For as long as I've been running a weather station (4+ years) I've uploaded 
data to online weather services: first to Wunderground in return for an 
ad-free app, later to Weathercloud in return for notifications of outages. 
A few things have made me reconsider if I should continue and I'd be 
interested in the views of others.

First, as background, I'm reading The Age of Surveillance Capitalism by 
Shoshana Zuboff. It's about the monetisation of data about humans, rather 
than the environment, which, as the ultimate public good is arguably a 
special case for us to disregard any costs. Then I happened to notice today 
that Weatherflow is proposing to pay a dividend to owners of Weatherflow 
stations in future, presumably based on a share of profits, a bit like a 
credit union ($20 or so per annum, profits permitting). Naturally, it 
raises the question of the value of what many already give away to 
Wunderground, WeatherCloud etc. It's not that the amount of money matters 
but ... it appears that large sets of meteorological data that are 
potentially important for climate research are, at least potentially, being 
walled off into privately controlled fiefdoms for the purposes of rent 
extraction--even as the climate is going to hell in a handbasket. This is 
not something I want to support, merely for the vanity of having a pin in a 
digital map, or the convenience of an add-free experience when using an app 
(which I almost never use in any case).

I'm about to buy a new weather station. The two shortlisted vendors, 
Ambient and Ecowitt, each run their own cloud services with associated maps 
showing their own contributors. Even if they were doing this for free it's 
mildly annoying to realize that the few weather stations in my area are 
scattered across different services and that some are inaccessible without 
buying hardware or paying a fee. Of course, I understand that services cost 
money to provide, but the fact is that the service providers are harvesting 
data provided to them at no cost -- indeed people are paying for the 
privilege of giving it away -- and then reselling it. To what extent, if 
any, do we have a moral obligation to upload weather data regardless of any 
such considerations?
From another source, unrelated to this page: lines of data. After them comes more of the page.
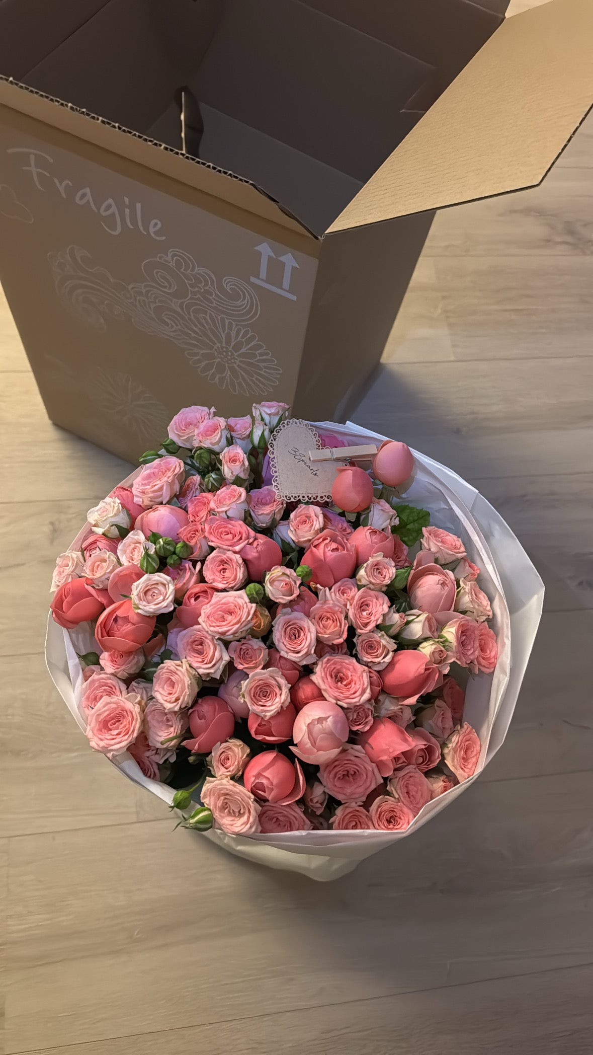 Ein zauberhafter Rosenstrauß, bestehend aus 20 zarten Mini-Rosa Sprayrosen und 10 lebhaften Pinken Sprayrosen, alle mit einer eleganten Länge von 50 cm. Liebevoll in feines weißes Seidenpapier eingehüllt und zusätzlich mit edlem weißem Kraftpapier umwickelt, strahlt dieser Strauß pure Eleganz und Frische aus – perfekt, um jedem Anlass einen Hauch von Romantik und Stil zu verleihen.
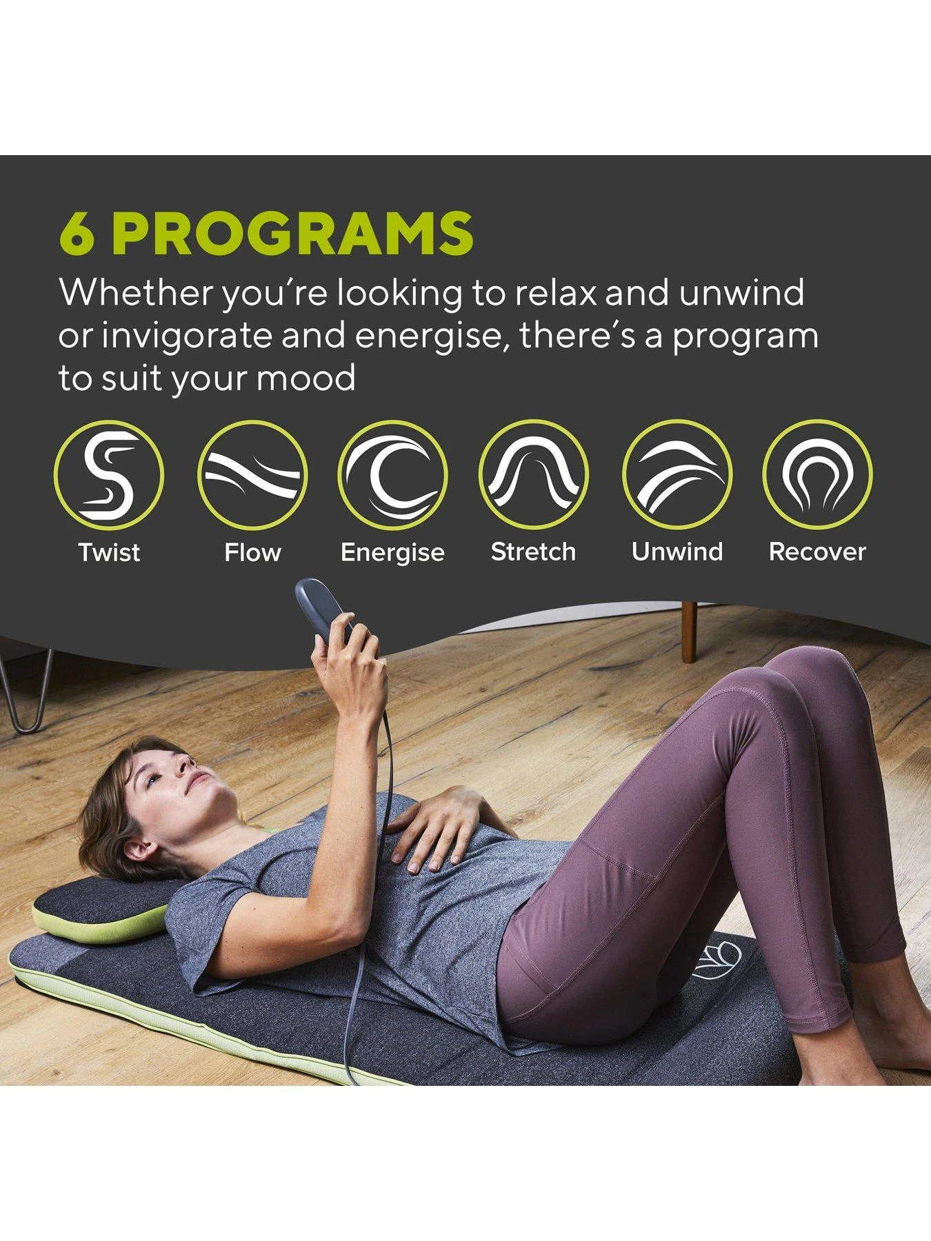 - Choice of 6 programmes: Unwind, Recover, Stretch, Twist, Energise and Flow
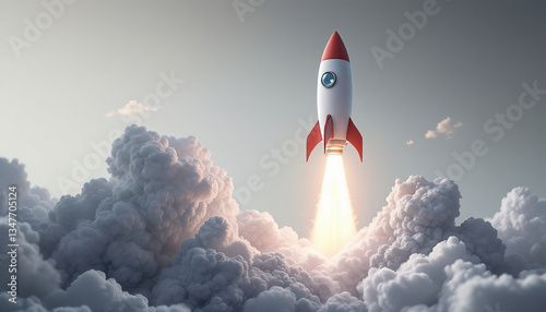 A Cartoon Rocket Ship Blasts Off Amidst Fluffy White Clouds
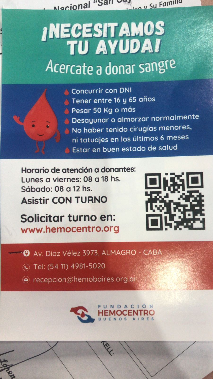 El horario de atención a donantes es de lunes a viernes de 08 a 18hs., sábados de 08 a 12hs.
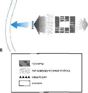 1 На схеме показано, как отряд пельтастов может защищать фалангу гоплитов от вражеских снарядов, в то время как фаланга разворачивается. Затем пельтэсты отходят назад и распределяются между шеренгами, стоящими в открытом порядке.
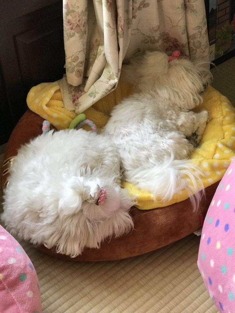 二匹のマルチーズも身体をくっつけてお昼寝です!
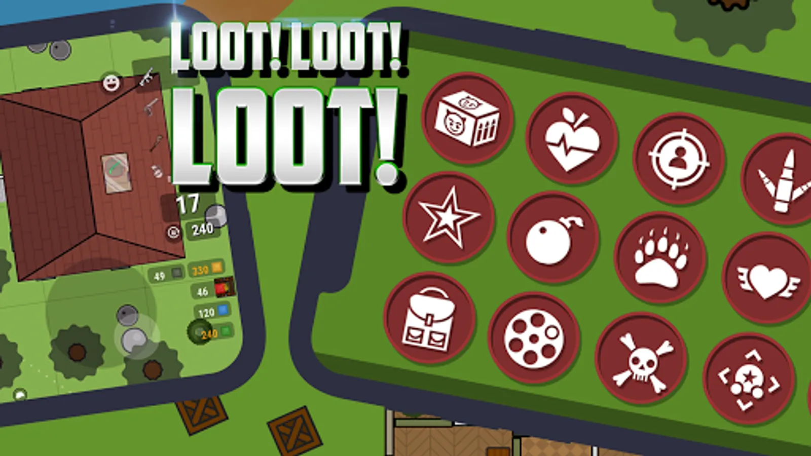 ⭐ LOOT! LOOT! LOOT! A wide variety of weapons, firearms, throwables, medical items, armor, scopes, and backpacks to customize to your personal play style.
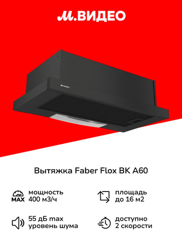 Вытяжка встраиваемая в шкаф Faber FLOX BK A60 Black
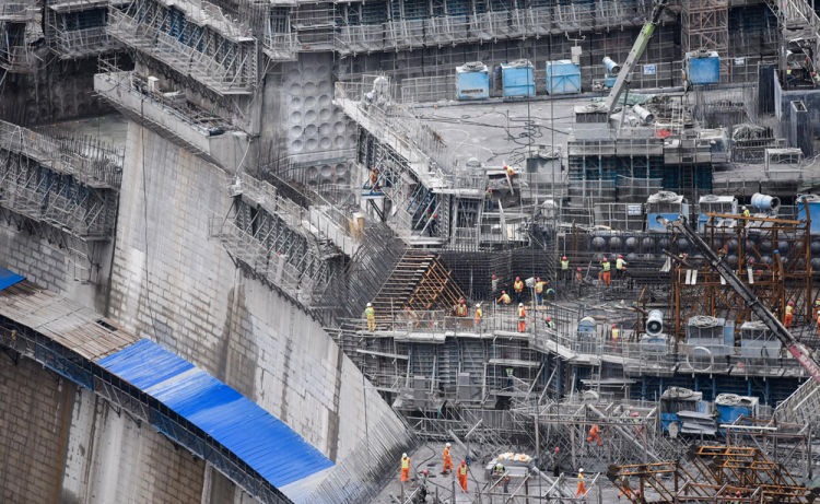 这是6月26日在四川省宁南县拍摄的白鹤滩水电站建设工地。(记者 薛玉斌 摄)
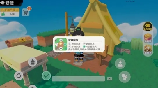 将家具放到位置上,会有调整按钮出现,完成放置后,关闭装修模式就好了。
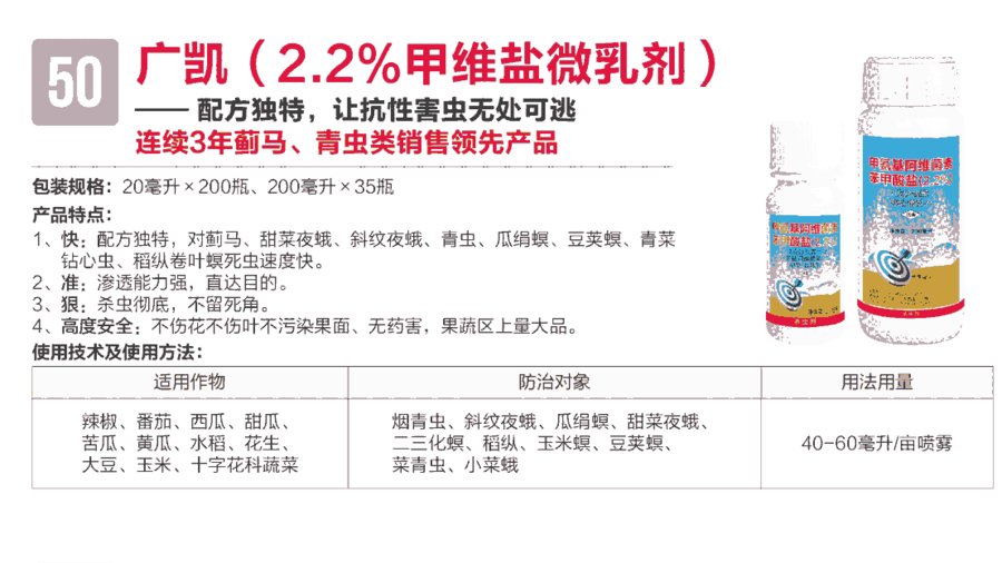 1、触杀+胃毒+强渗透,真正死虫快、持效长。

Are some services more deserving of support than 
others?

I presume everyone knows about the scandal of Accuweather reselling 
location information harvested from users of an app without their consent. 
Actions like this will now incur heavy sanctions in the EU.

Aside from the ethical questions, I've also realized

1. I rarely use either Wunderground of WeatherCloud
2. New stations increasingly just upload straight to the cloud
3. Wunderground, at least (and probably others), don't permit correction of 
erroneous data
4. Weathercloud wants to be paid to allow you to download your own data if 
it's more than a year old
5. Weathercloud accepts realtime data only
6. Wunderground accepts historical data, but several days worth was 
discarded for no obvious reason recently when I got my WH1080 back online 
after a rasperry pi outage (it was uploaded)

which made me wonder again why I bothered. (And if that wasn't enough, I 
discovered the hard way that WeeWX configured to use the Simulator will 
upload fake data to services like Wunderground if they're still enabled. 
Fortunately I noticed immediately and stopped it continuing. Annoying even 
if Wunderground don't care much for data quality.)

A related wrinkle: The market leading vendor in terms of product quality 
and service, Davis, has, notoriously, attempted a form of digital 
protectionism by erecting a toll gate for people to access their own data. 
FineOffset, the market leader in terms of sales volume is the manufacturer 
of Ambient branded hardware sold in the US. Whereas FineOffsett equipment 
is largely compatible across a variety of other brands (Ecowitt, Froggit 
etc.), and Ecowitt's online service is available to all, not just to 
customers, Ambient restricts its online service to customers (using 
hardware MAC addresses).

While there are interesting underlying geopolitical considerations here, 
I'm a pragmatist. I'm committed first and foremost to managing my own data 
locally whatever happens. However, I can't help wondering if it's time to 
stop uploading to Wunderground and Weathercloud because it isn't *really* 
worthwhile for me, and I'm *somewhat* skeptical of the public utility. (And 
if I wasn't already, the dire acting of the concerned citizens anxious 
about climate change and wanting to help by buying a new Weatherflow 
weather station in Weatherflow's latest Kickstarter campaign video, would 
trigger some doubt.)

Anyone else a bit disillusioned? Pulled the plug? Views? Sorry for the long 
message and thanks for any reflections.